Doyle’s complaint easily meets the liberal notice pleading requirements; he
identified the retaliatory action (harassment and the intentional disregarding of his
grievances), named the defendants, and asserted a constitutionally-protected
activity that spurred the retaliation (filing grievances). See Hoskins v. Lenear, 395
F.3d 372, 375 (7th Cir. 2005).
No. 06-1724 Page 3
Nevertheless, a plaintiff can plead himself out of court by alleging facts that
undermine the validity of his claim. Henderson v. Sheahan, 196 F.3d 839, 846 (7th
Cir. 1999); Thomson v. Washington, 362 F.3d 969, 970 (7th Cir. 2004). Here, to
prevail on the merits of his retaliation claim, Doyle eventually would need to
establish that the defendants’ actions were taken in retaliation for exercising a
constitutionally protected right. See DeWalt v. Carter, 224 F.3d 607, 618 (7th Cir.

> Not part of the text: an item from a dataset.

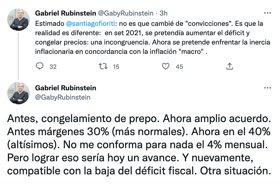 El viceministro de Economía y pata técnica de la gestión de Sergio Massa en el Palacio de Hacienda, Gabriel Rubinstein, dedicó parte del domingo a polemizar vía Twitter. Lo hizo con el diputado Javier Milei, con el economista Manuel Adorni y hasta con el periodista de Clarín Santiago Fioriti, no se sabe si para defender el plan Precios Justos, que sale a la cancha a jugar un partido a todo o nada en un verano que se anticipa caliente, o su propia figura.

1999). A prisoner’s constitutional right of access to the courts “includes the right to
pursue the administrative remedies that must be exhausted before a prisoner can
seek relief in court.” Id. The right protects only potentially meritorious complaints;
it does not extend to frivolous claims. See Lewis v. Casey, 518 U.S. 343, 353 n.3
(1996); Pratt v. Tarr, 464 F.3d 730, 732 (7th Cir. 2006); Lehn v. Holmes, 364 F.3d
862, 868 (7th Cir. 2004).
Doyle’s retaliation claim cannot succeed because his pleadings show that his
grievances were entirely frivolous. In his complaint he described the incidents
underlying his grievances and attached most of the grievances themselves. The
incidents are trivial. The worst injuries he alleged were an unusual search of his
clothes, a single incident of threatening language, and being subjected to a prison
guard with a “super tough guy face.” His complaint that some of his grievances
were deliberately misplaced could not succeed either; there is no injury in the loss of
a frivolous claim. Lewis, 518 U.S. at 353 n.3. As the Supreme Court stated in
Lewis, “[d]epriving someone of a frivolous claim . . . deprives him of nothing at all,
except perhaps the punishment of Federal Rule of Civil Procedure 11 sanctions.”
Id. Since the facts Doyle pleaded show that he was not exercising a constitutionally
protected right when he filed the grievances that allegedly triggered the defendants’
retaliatory acts, his pleadings undermine the validity of his claim.
Accordingly, the judgment of the district court is AFFIRMED and an
additional strike is assessed against Doyle pursuant to 1915(g).